Na visão privatista do atual péssimo gestor, só existe o mercado dos parceiros privados de sempre, e foi esta lógica privatista que levou ao sucateamento do DMAE para justificar a sua privatização (aprofundando a política iniciada pelo seu antecessor prefeito Nelson Marchezan Jr.), o que comprometeu a manutenção do sistema de proteção contra as cheias, causando prejuízos bilionários à cidade e afetando a vida de centenas de milhares de pessoas.

A mesma lógica que levou o atual governo municipal a liberar a construção de um mega-empreendimento imobiliário de luxo na antiga Fazenda do Arado Velho, empreendimento que vai aterrar áreas de banhado que servem com absorvedoras da água do Guaíba em épocas de cheia e retentoras de água em períodos de seca. Esta mesma subordinação do interesse público à ganância capitalista levou a gestão municipal a liberar um número cada vez maior de projetos imobiliários de alto padrão na zona sul, contribuindo para a impermeabilização do território e dificultando a penetração da água da chuva no solo, o que aumenta a vazão das redes pluviais e dos arroios, provocando alagamentos.

Com relação à impermeabilização do solo, houve um episódio que não pode ser esquecido e que foi uma antevisão do que ocorreu em maio de 2024: em setembro de 2023, o Acampamento Farroupilha alagou, com a água invadindo os piquetes. Isso ocorreu depois que o Parque Harmonia foi concedido à iniciativa privada que, com autorização da prefeitura, desmatou e colocou asfalto dentro do Parque. Depois, durante o acampamento, além dos piquetes e de alguns espaços comerciais já tradicionais, estaria cheio de quiosques, tudo atendendo ao interesse comercial. O alagamento que ocorreu durante o Acampamento Farroupilha foi uma prévia do que ocorreu agora na cidade impermeabilizada e sem drenagem eficiente.

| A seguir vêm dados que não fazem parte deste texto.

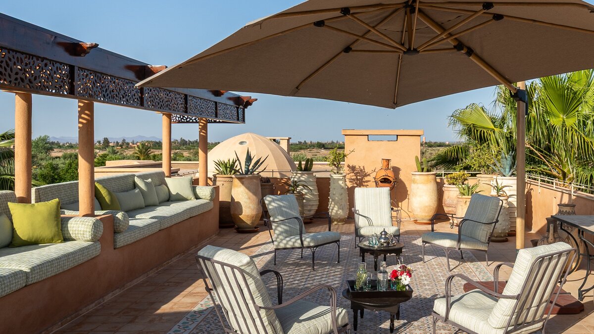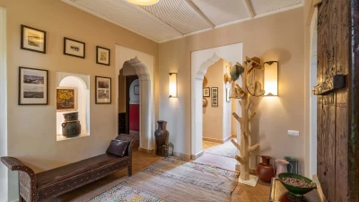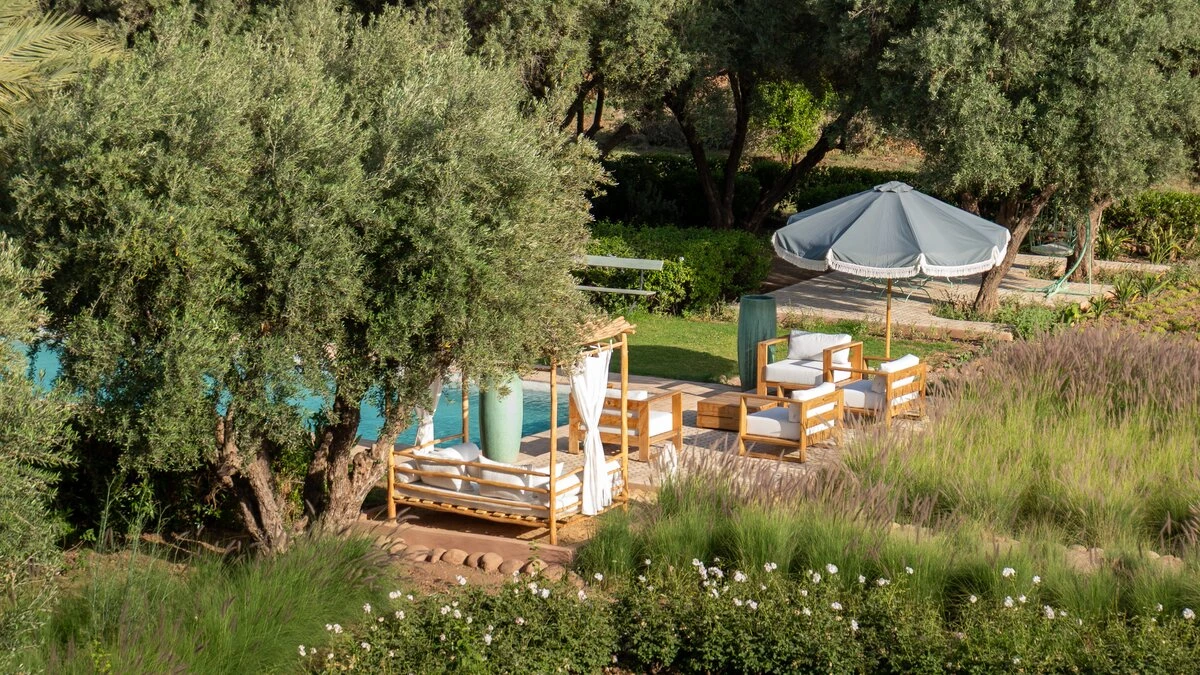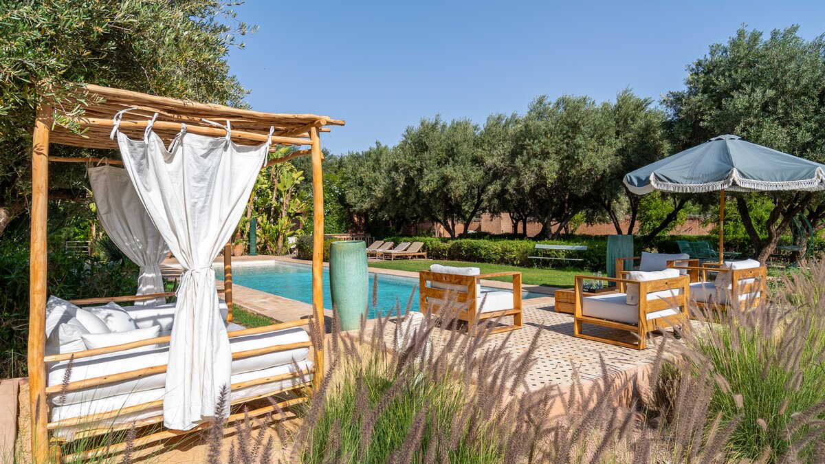 Dar Toozween is a very attractive two-storey south facing villa, within a short drive away from the centre of Marrakech. Perfectly planned for outdoor living, the villa is set in one hectare of mature landscaped gardens with roses, polemo trees and rosemary hedges, olive trees, elegantly furnished terraces and a large private heatable pool with adjacent dining area and pool house.

O governo Melo colocou Porto Alegre na contramão do resto do mundo: enquanto cidades chinesas, europeias e norte-americanas buscam se tornarem “cidades-esponjas” para absorver a água da chuva e dos corpos d’água, a capital dos gaúchos vai no sentido oposto. Afinal, quem são os “caranguejos” do retrocesso?

Também, não podemos esquecer que o que está ocorrendo é fruto do aquecimento global provocado pela utilização de combustíveis fósseis e pela destruição das florestas e pelo assoreamento dos rios, provocados pelo agronegócio na eterna busca do lucro fácil. Tudo isso agravado pelo negacionismo climático da extrema-direita, que contou com o apoio do prefeito Melo na última eleição presidencial e o apoia no governo municipal.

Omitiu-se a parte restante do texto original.